■ WHAT NEEDS TO BE DONE
For the listing below, return the line containing "Đồng Hồ Pomodoro", the line containing "わかめ・🐢ネギにかしわ天を冷ぶっかけにトッピングしました🥢", and all lines in between, exactly as written and nothing else.

■ DATASET RECORDS
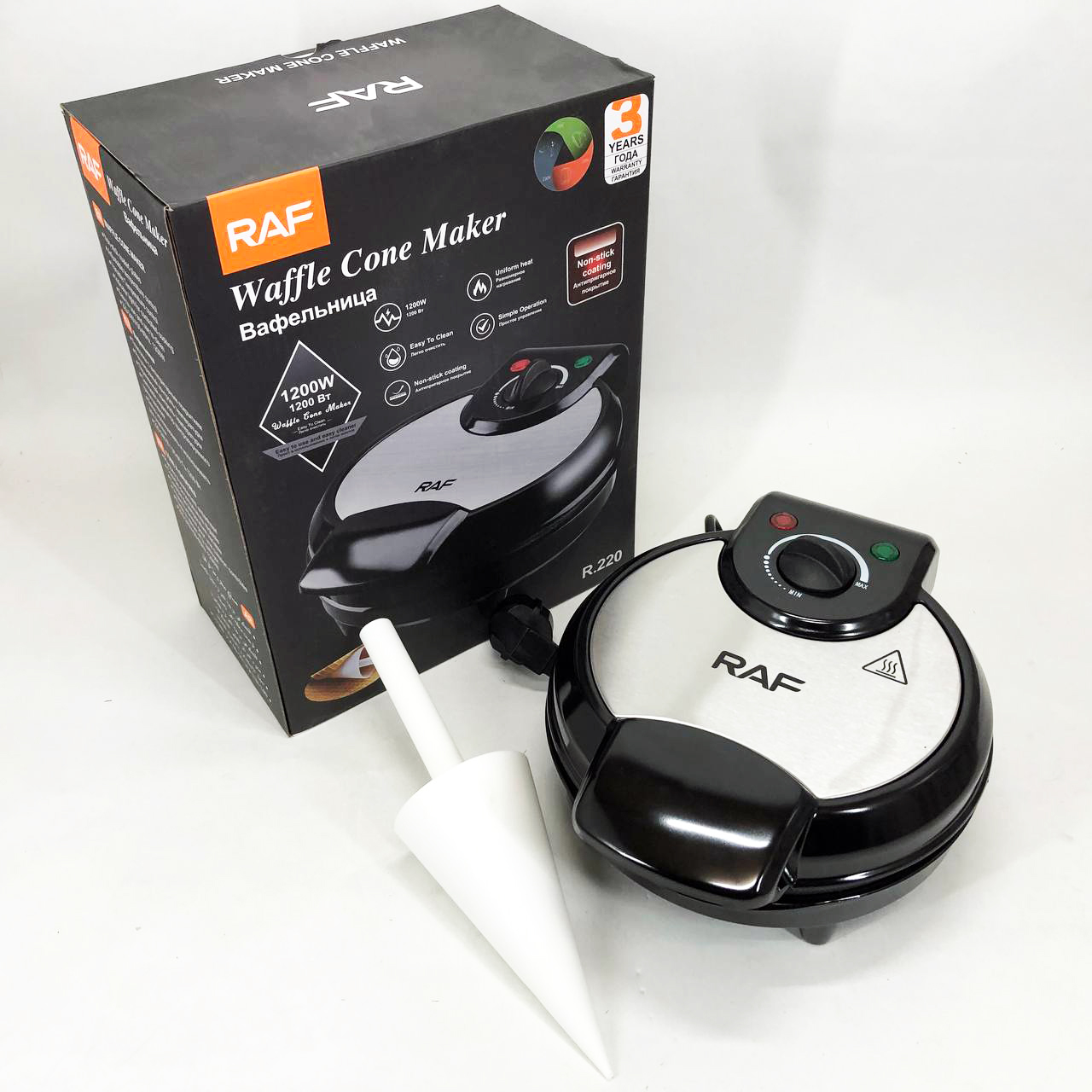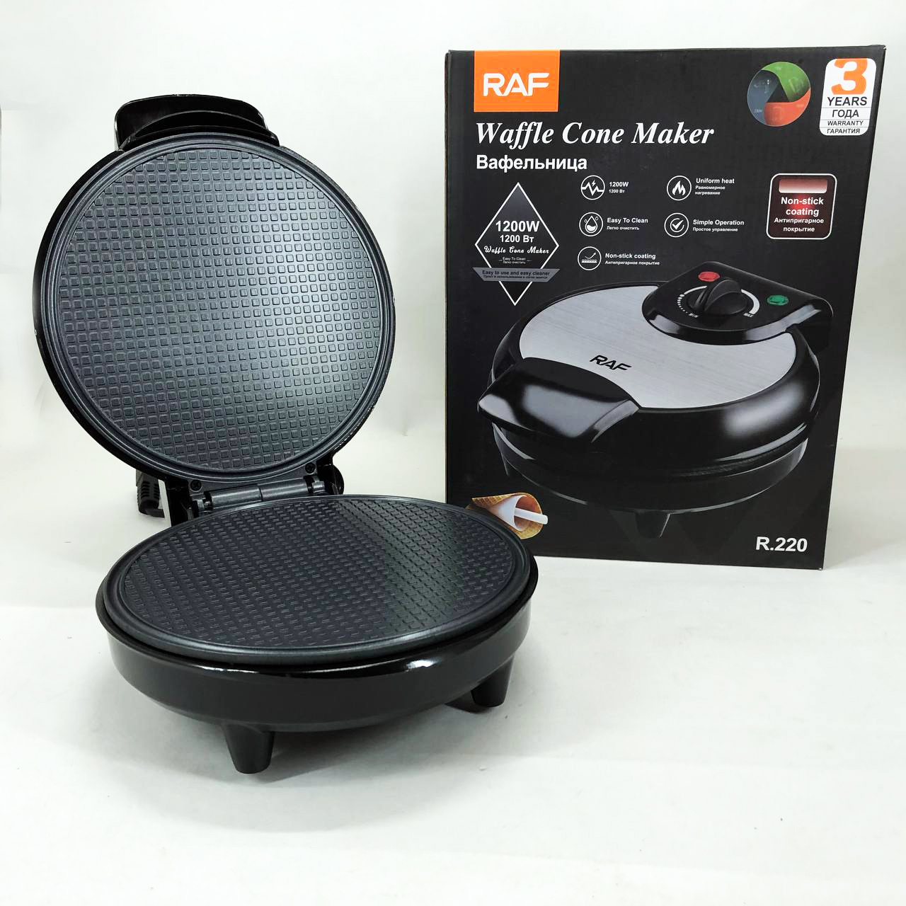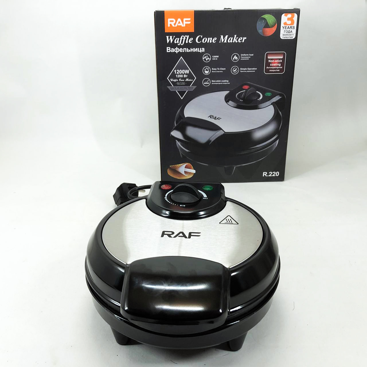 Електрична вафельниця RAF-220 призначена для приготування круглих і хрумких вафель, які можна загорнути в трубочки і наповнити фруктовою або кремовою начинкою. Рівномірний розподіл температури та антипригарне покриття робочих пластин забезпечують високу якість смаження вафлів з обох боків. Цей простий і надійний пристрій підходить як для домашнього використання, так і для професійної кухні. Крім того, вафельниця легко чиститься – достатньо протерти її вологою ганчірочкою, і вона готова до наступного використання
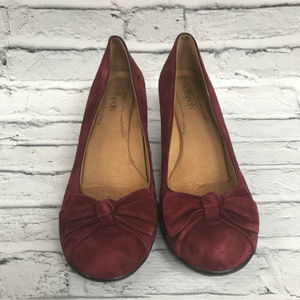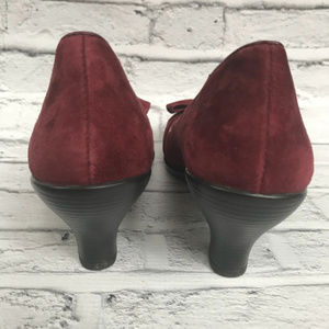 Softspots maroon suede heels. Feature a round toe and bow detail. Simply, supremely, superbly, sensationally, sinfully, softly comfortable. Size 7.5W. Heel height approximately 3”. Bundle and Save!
==
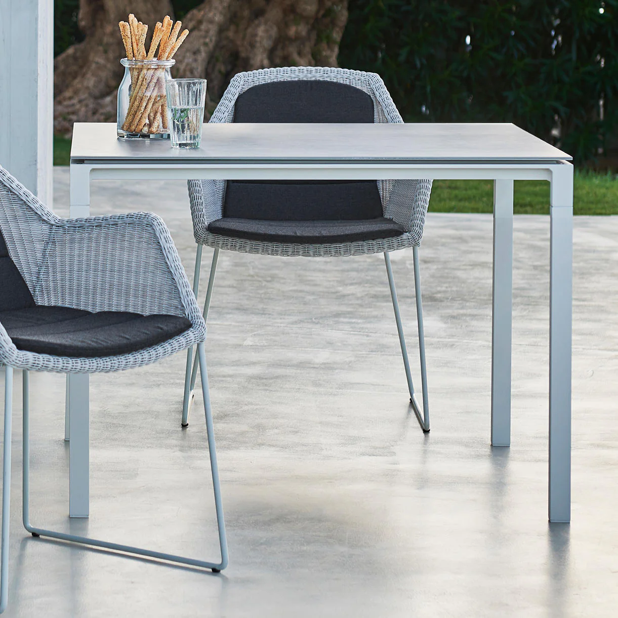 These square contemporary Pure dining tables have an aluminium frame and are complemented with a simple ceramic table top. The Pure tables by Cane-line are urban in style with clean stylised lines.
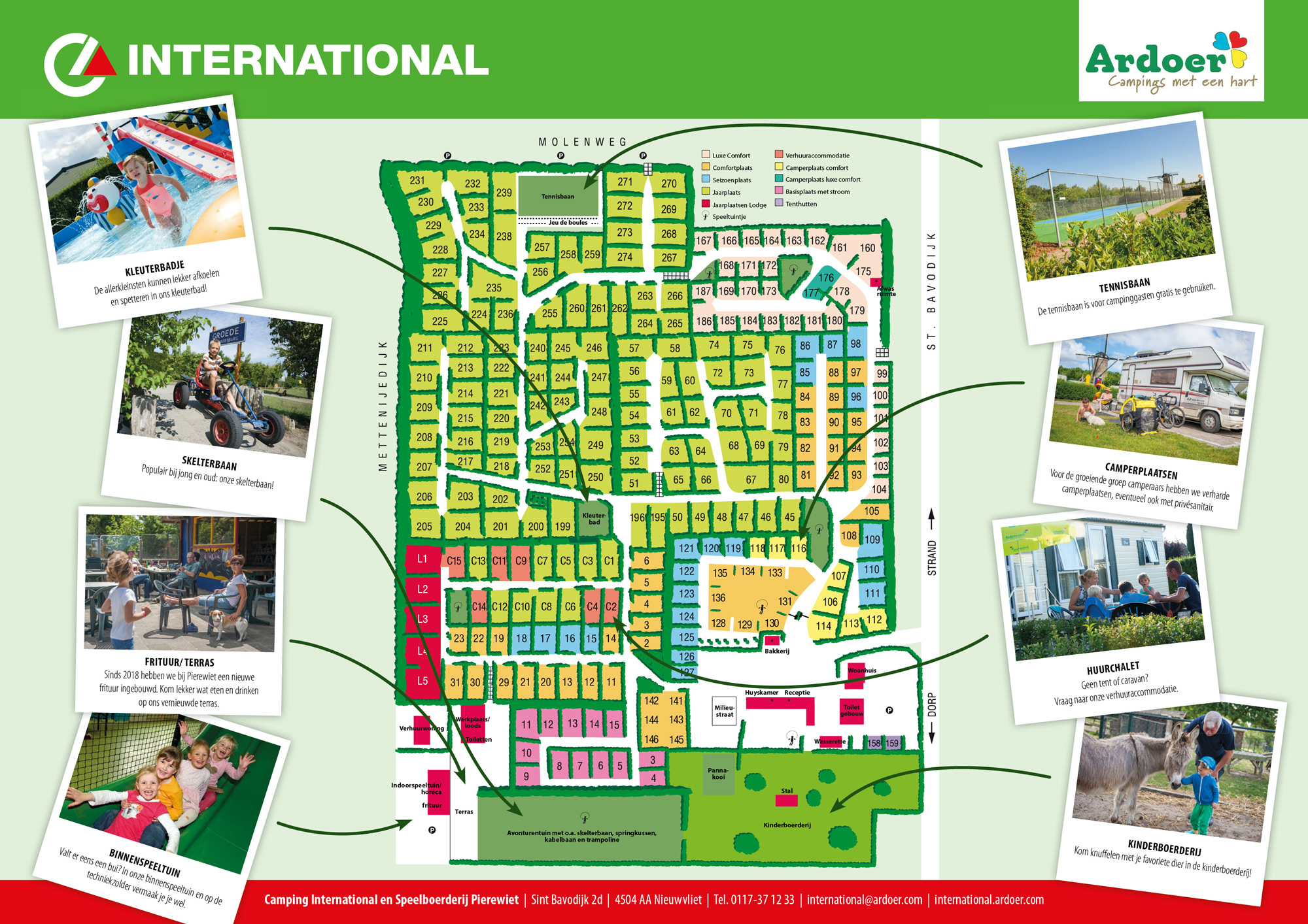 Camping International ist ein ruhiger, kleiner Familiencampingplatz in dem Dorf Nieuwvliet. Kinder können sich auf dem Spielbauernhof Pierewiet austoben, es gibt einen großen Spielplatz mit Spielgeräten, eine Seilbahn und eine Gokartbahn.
==
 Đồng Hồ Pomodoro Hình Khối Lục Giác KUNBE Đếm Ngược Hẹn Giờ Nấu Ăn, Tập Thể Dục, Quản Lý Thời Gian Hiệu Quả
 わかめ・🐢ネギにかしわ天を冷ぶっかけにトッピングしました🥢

■ SOLVED EXERCISE
 Đồng Hồ Pomodoro Hình Khối Lục Giác KUNBE Đếm Ngược Hẹn Giờ Nấu Ăn, Tập Thể Dục, Quản Lý Thời Gian Hiệu Quả
 わかめ・🐢ネギにかしわ天を冷ぶっかけにトッピングしました🥢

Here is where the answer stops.